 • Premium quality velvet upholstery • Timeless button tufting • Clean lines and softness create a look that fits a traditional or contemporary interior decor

◆ ◆ ◆ ◆

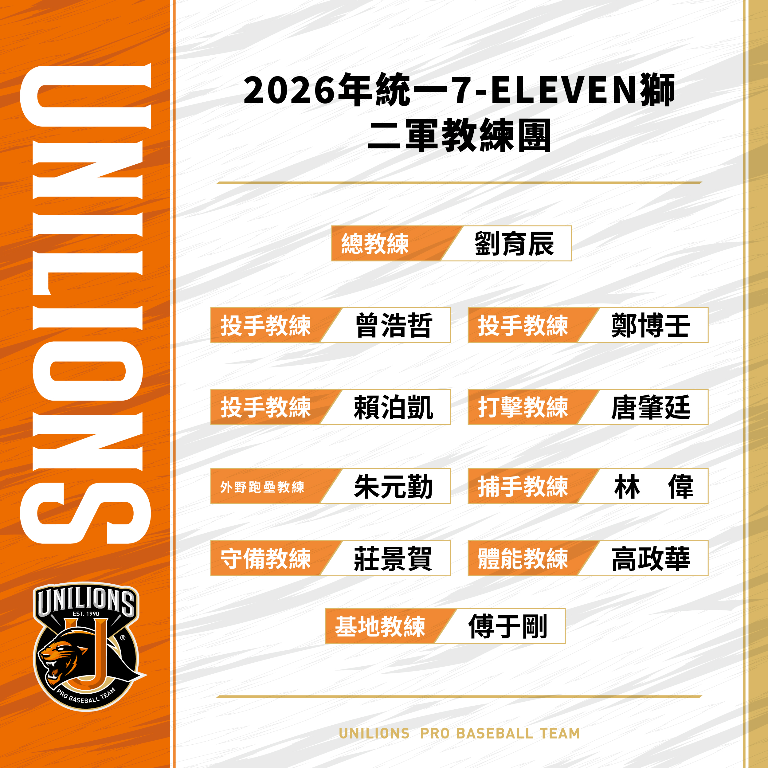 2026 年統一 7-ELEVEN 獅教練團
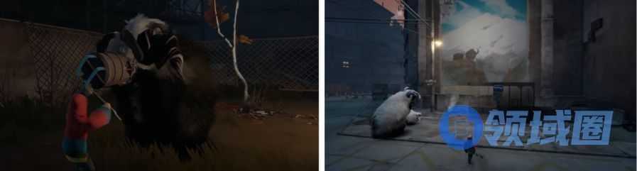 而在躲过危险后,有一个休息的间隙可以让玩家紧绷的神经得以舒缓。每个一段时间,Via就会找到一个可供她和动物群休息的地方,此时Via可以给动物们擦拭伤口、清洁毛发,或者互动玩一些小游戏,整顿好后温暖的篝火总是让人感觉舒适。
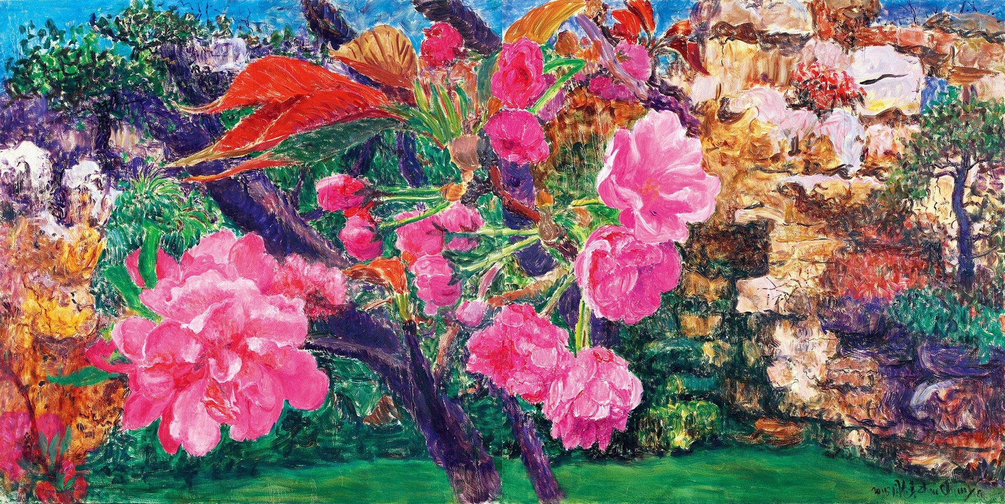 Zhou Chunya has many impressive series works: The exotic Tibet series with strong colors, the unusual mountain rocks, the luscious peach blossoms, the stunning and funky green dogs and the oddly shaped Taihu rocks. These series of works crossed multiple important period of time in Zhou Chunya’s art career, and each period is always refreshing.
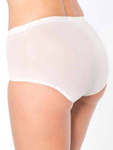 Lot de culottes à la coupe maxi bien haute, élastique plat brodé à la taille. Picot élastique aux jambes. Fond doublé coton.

◆ ◆ ◆ ◆

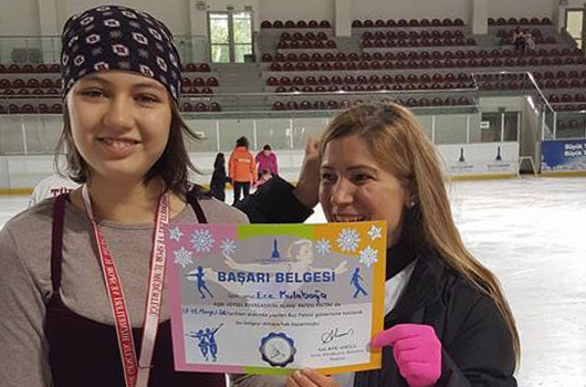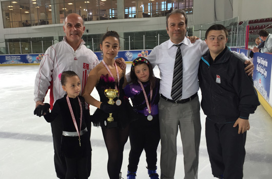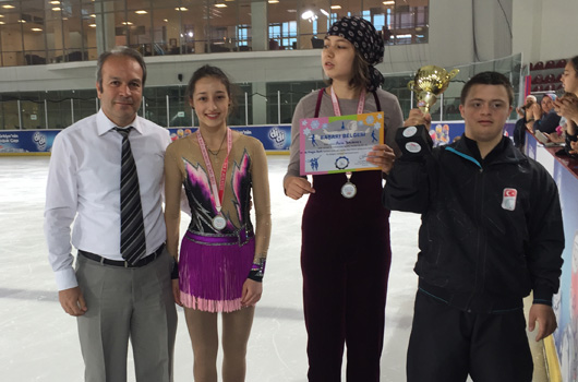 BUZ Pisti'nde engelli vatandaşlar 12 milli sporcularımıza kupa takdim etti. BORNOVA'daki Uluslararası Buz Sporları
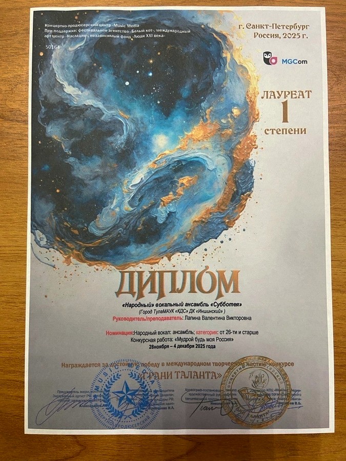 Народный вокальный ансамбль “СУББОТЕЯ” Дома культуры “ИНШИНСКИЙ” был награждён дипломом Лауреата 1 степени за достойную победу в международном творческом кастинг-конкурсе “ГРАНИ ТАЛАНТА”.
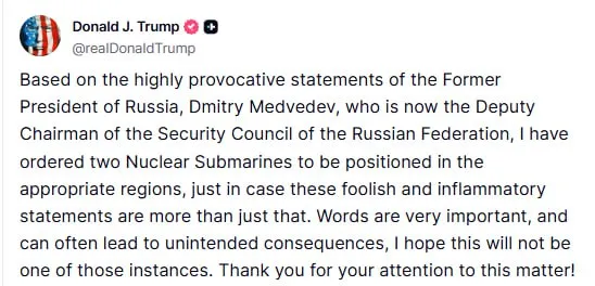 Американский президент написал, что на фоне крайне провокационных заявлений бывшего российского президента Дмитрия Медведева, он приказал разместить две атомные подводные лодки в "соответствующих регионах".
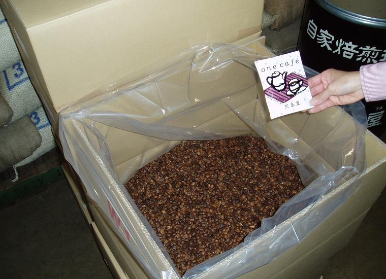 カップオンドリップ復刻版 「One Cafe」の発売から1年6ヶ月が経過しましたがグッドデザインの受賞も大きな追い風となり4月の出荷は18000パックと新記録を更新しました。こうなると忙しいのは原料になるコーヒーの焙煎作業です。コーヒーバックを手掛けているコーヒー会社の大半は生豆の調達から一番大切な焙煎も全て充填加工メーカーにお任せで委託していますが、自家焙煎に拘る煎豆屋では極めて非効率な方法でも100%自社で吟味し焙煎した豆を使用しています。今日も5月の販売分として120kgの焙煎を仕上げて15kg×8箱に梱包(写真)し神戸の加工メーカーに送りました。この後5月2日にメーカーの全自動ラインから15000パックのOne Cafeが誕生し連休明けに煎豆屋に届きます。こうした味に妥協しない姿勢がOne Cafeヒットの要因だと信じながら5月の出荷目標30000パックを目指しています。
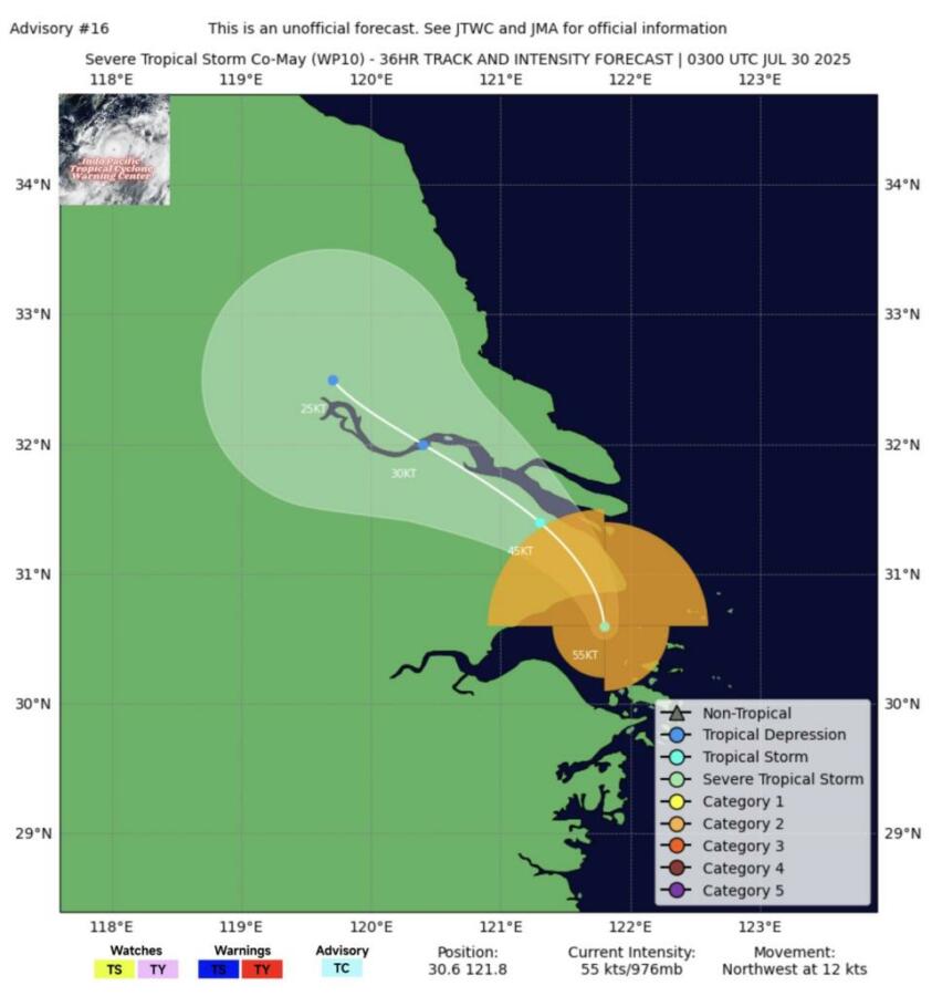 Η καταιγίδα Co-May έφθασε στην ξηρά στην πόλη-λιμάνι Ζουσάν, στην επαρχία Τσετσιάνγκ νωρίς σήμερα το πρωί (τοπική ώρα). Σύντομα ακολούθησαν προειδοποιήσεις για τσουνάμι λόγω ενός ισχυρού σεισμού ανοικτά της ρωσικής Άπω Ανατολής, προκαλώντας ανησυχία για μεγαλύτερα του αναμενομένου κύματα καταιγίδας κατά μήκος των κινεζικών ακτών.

◆ ◆ ◆ ◆

> **YOUR ASSIGNMENT**: All that should be printed is the run of lines above from the one with "而在躲过危险后,有一个休息的" through the one with "Lot de culottes", both included, exactly as given, with pictures left out.

> **EXERCISE OUTPUT**:
 而在躲过危险后,有一个休息的间隙可以让玩家紧绷的神经得以舒缓。每个一段时间,Via就会找到一个可供她和动物群休息的地方,此时Via可以给动物们擦拭伤口、清洁毛发,或者互动玩一些小游戏,整顿好后温暖的篝火总是让人感觉舒适。
 Zhou Chunya has many impressive series works: The exotic Tibet series with strong colors, the unusual mountain rocks, the luscious peach blossoms, the stunning and funky green dogs and the oddly shaped Taihu rocks. These series of works crossed multiple important period of time in Zhou Chunya’s art career, and each period is always refreshing.
 Lot de culottes à la coupe maxi bien haute, élastique plat brodé à la taille. Picot élastique aux jambes. Fond doublé coton.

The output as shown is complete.